Question

Express the rate of the reaction $$ 2 \mathrm{~N}_{2} \mathrm{H}_{4}(l)+\mathrm{N}_{2} \mathrm{O}_{4}(l) \longrightarrow 3 \mathrm{~N}_{2}(g)+4 \mathrm{H}_{2} \mathrm{O}(g) $$ in terms of (a) \(\Delta\left[\mathrm{N}_{2} \mathrm{O}_{4}\right]\) (b) \(\Delta\left[\mathrm{N}_{2}\right]\)

Short answer

Question: Express the rate of the given reaction in terms of the change in concentrations of N2O4 and N2. Answer: (a) $$\frac{\Delta\left[\mathrm{N}_{2} \mathrm{O}_{4}\right]}{\Delta t} = -\frac{1}{2} \cdot \frac{\Delta\left[\mathrm{N}_{2}\mathrm{H}_{4}\right]}{\Delta t}$$, (b) $$\frac{\Delta\left[\mathrm{N}_{2}\right]}{\Delta t} = \frac{3}{1} \cdot \frac{\Delta\left[\mathrm{N}_{2}\mathrm{O}_{4}\right]}{\Delta t}$$.

Step-by-step solution

A. Rate law expression for N2O4

To express the rate of reaction in terms of $$\Delta\left[\mathrm{N}_{2} \mathrm{O}_{4}\right]$$, we will first write the general rate law for this reaction: Rate = k[2N2H4][N2O4] Now let's focus on the N2O4 species. Since it is a reactant, the rate expression for it will have a negative sign (because its concentration decreases during the reaction). Also, we need to consider the stoichiometry of the reaction, which states that one mole of N2O4 reacts with two moles of N2H4. So, for every mole of N2O4 that reacts, two moles of N2H4 are consumed.
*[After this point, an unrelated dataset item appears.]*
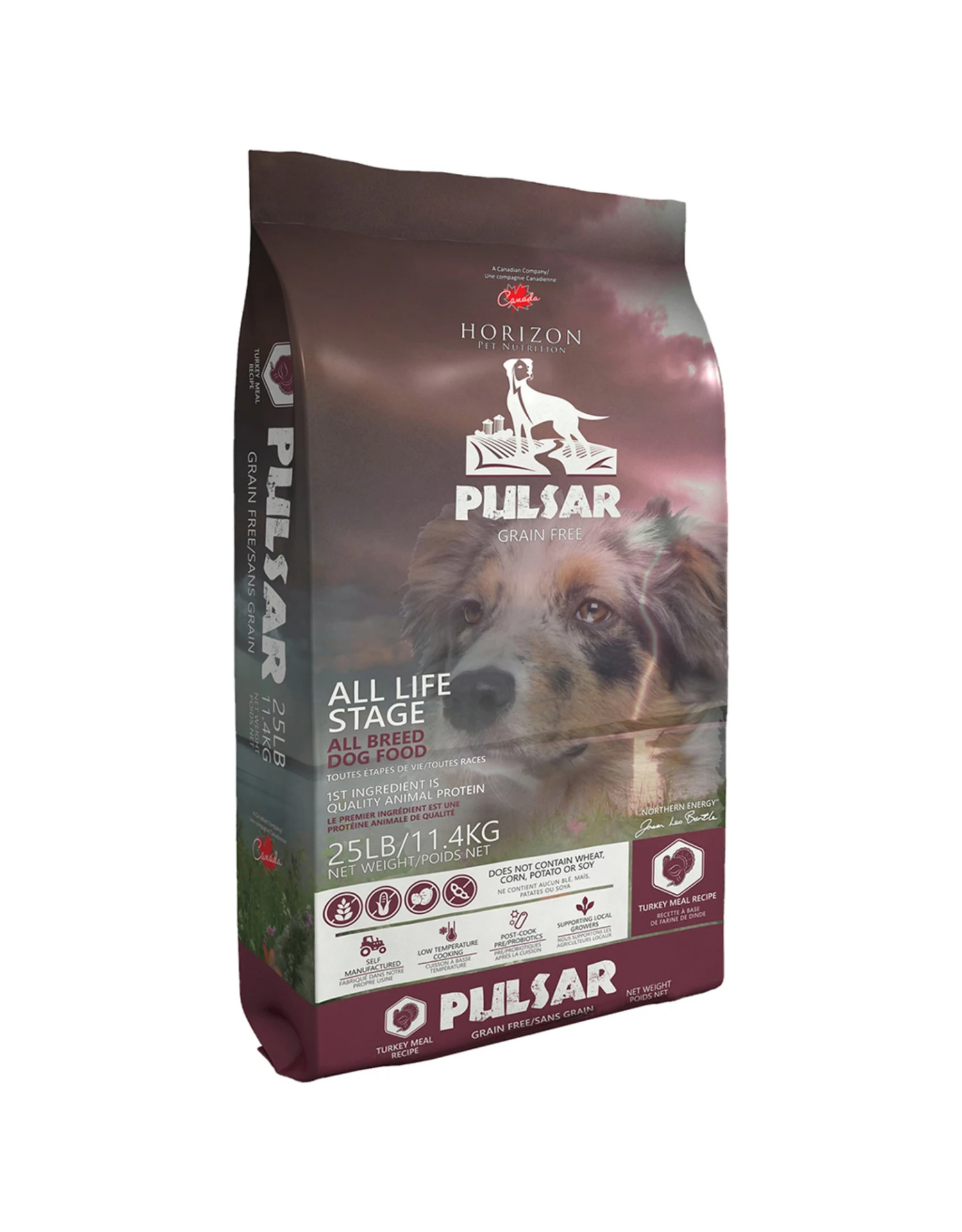 Horizon starts with an emphasis on animal protein. Steroid free and growth hormone free chicken, turkey and wild caught salmon are the cornerstone proteins in Pulsar.

Therefore, the rate expression for N2O4 is: $$\frac{\Delta\left[\mathrm{N}_{2} \mathrm{O}_{4}\right]}{\Delta t} = -\frac{1}{2} \cdot \frac{\Delta\left[\mathrm{N}_{2}\mathrm{H}_{4}\right]}{\Delta t}$$.

B. Rate law expression for N2

Now let's express the rate of reaction in terms of $$\Delta\left[\mathrm{N}_{2}\right]$$. Since N2 is a product, the rate expression for it will have a positive sign (because its concentration increases during the reaction). Again, we need to consider the stoichiometry of the reaction, which states that three moles of N2 are produced for each mole of N2O4 reacting. So: $$\frac{\Delta\left[\mathrm{N}_{2}\right]}{\Delta t} = \frac{3}{1} \cdot \frac{\Delta\left[\mathrm{N}_{2}\mathrm{O}_{4}\right]}{\Delta t}$$. Now we have the rate expressions connected to the change in concentrations of both, N2O4 and N2, as asked in the exercise: (a) $$\frac{\Delta\left[\mathrm{N}_{2} \mathrm{O}_{4}\right]}{\Delta t} = -\frac{1}{2} \cdot \frac{\Delta\left[\mathrm{N}_{2}\mathrm{H}_{4}\right]}{\Delta t}$$ (b) $$\frac{\Delta\left[\mathrm{N}_{2}\right]}{\Delta t} = \frac{3}{1} \cdot \frac{\Delta\left[\mathrm{N}_{2}\mathrm{O}_{4}\right]}{\Delta t}$$.